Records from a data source
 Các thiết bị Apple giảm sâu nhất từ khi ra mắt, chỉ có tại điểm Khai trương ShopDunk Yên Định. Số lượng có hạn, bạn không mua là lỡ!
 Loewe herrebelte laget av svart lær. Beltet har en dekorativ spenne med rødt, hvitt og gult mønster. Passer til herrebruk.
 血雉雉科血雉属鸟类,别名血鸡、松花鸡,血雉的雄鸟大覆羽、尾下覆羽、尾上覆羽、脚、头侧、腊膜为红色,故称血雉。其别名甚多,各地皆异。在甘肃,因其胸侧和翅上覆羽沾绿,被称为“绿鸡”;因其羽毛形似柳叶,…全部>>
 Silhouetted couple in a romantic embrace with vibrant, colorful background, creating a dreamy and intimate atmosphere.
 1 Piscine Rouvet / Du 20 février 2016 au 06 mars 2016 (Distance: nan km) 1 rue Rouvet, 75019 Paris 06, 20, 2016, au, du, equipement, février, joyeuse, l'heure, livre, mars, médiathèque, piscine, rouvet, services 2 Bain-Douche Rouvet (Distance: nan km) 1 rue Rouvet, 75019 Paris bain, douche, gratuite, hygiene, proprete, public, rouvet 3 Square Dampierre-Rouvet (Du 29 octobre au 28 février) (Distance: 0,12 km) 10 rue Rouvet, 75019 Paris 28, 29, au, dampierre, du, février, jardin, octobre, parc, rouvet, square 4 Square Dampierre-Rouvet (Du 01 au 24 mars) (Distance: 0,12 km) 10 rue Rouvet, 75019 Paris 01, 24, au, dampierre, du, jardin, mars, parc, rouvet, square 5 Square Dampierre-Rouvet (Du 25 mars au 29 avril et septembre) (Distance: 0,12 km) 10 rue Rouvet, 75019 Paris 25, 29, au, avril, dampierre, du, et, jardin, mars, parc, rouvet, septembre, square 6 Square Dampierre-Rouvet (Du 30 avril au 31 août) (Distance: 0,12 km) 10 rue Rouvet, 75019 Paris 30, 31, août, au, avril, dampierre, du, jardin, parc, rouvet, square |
==
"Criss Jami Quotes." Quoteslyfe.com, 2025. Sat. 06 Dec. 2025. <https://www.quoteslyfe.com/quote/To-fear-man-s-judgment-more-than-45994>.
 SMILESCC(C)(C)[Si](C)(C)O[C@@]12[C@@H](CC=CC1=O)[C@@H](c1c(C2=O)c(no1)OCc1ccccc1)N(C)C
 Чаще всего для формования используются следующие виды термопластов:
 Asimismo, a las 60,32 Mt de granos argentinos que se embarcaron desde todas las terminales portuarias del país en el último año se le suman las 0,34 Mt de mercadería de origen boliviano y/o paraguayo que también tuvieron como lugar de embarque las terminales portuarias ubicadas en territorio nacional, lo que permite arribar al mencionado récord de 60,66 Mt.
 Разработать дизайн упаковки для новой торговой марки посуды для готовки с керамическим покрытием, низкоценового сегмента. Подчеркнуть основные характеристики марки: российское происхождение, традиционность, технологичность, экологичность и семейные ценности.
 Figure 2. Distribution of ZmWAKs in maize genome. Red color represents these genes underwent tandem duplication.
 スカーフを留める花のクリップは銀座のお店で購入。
...
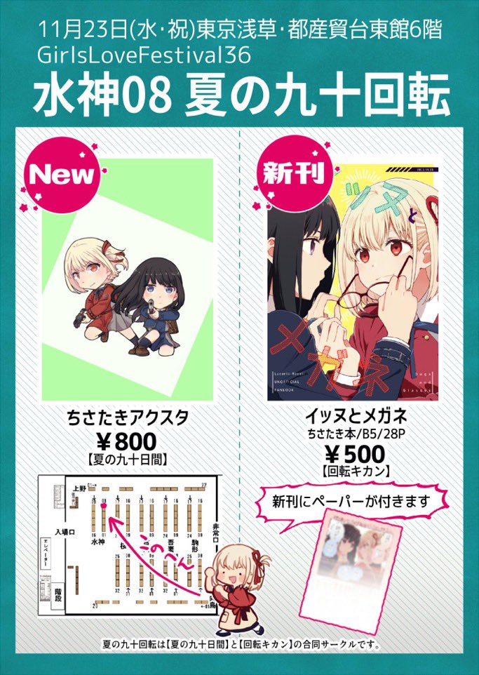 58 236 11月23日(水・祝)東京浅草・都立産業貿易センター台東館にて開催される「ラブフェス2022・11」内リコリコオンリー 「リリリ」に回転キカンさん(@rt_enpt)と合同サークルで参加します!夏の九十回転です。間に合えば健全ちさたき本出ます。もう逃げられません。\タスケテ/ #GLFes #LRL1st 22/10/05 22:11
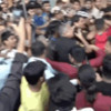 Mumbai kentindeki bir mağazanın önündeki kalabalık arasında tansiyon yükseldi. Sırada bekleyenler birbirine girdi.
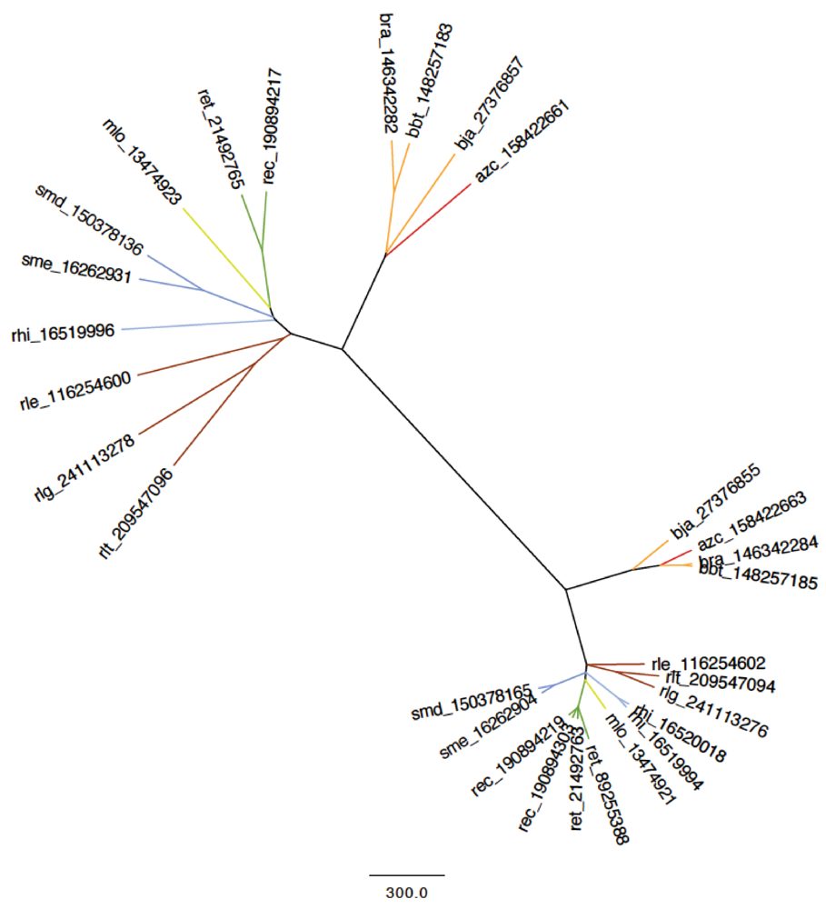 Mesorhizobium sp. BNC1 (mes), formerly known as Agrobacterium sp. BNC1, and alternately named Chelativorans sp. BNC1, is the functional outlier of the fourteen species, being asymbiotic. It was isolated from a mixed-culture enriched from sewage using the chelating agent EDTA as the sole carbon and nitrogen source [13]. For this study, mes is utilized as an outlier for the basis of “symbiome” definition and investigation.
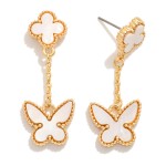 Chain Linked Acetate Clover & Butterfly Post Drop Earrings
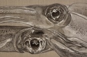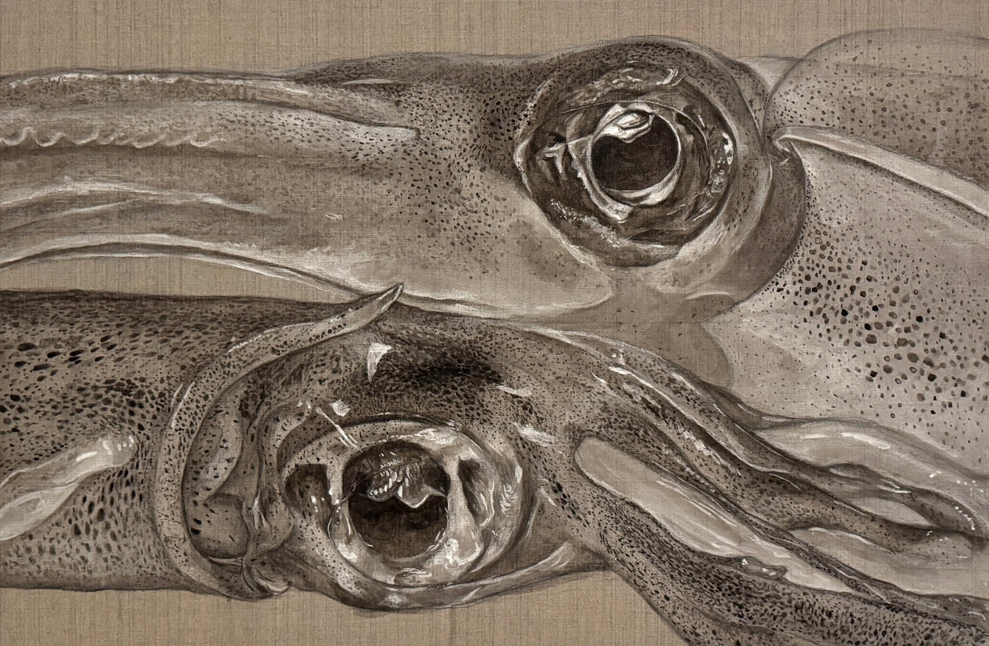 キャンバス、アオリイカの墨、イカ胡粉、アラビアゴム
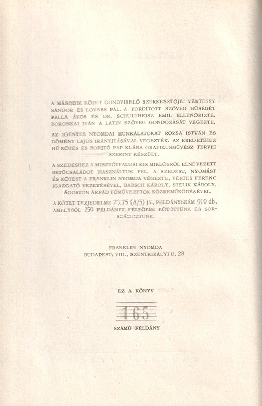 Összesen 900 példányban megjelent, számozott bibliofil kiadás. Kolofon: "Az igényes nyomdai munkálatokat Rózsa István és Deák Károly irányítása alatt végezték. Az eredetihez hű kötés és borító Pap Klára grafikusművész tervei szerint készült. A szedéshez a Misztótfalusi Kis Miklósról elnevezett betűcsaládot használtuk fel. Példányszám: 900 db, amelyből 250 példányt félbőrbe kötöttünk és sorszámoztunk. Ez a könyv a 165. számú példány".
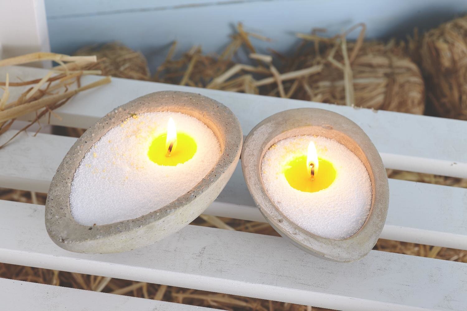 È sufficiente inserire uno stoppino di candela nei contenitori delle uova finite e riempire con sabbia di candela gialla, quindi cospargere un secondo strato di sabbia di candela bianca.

Prompt: Of the entries listed above, reproduce only the lines starting at the line containing "Quoteslyfe.com, 2025. Sat." and ending at the line containing "Разработать дизайн упаковки". Include both, exactly as they stand.

Exercise answer:
"Criss Jami Quotes." Quoteslyfe.com, 2025. Sat. 06 Dec. 2025. <https://www.quoteslyfe.com/quote/To-fear-man-s-judgment-more-than-45994>.
 SMILESCC(C)(C)[Si](C)(C)O[C@@]12[C@@H](CC=CC1=O)[C@@H](c1c(C2=O)c(no1)OCc1ccccc1)N(C)C
 Чаще всего для формования используются следующие виды термопластов:
 Asimismo, a las 60,32 Mt de granos argentinos que se embarcaron desde todas las terminales portuarias del país en el último año se le suman las 0,34 Mt de mercadería de origen boliviano y/o paraguayo que también tuvieron como lugar de embarque las terminales portuarias ubicadas en territorio nacional, lo que permite arribar al mencionado récord de 60,66 Mt.
 Разработать дизайн упаковки для новой торговой марки посуды для готовки с керамическим покрытием, низкоценового сегмента. Подчеркнуть основные характеристики марки: российское происхождение, традиционность, технологичность, экологичность и семейные ценности.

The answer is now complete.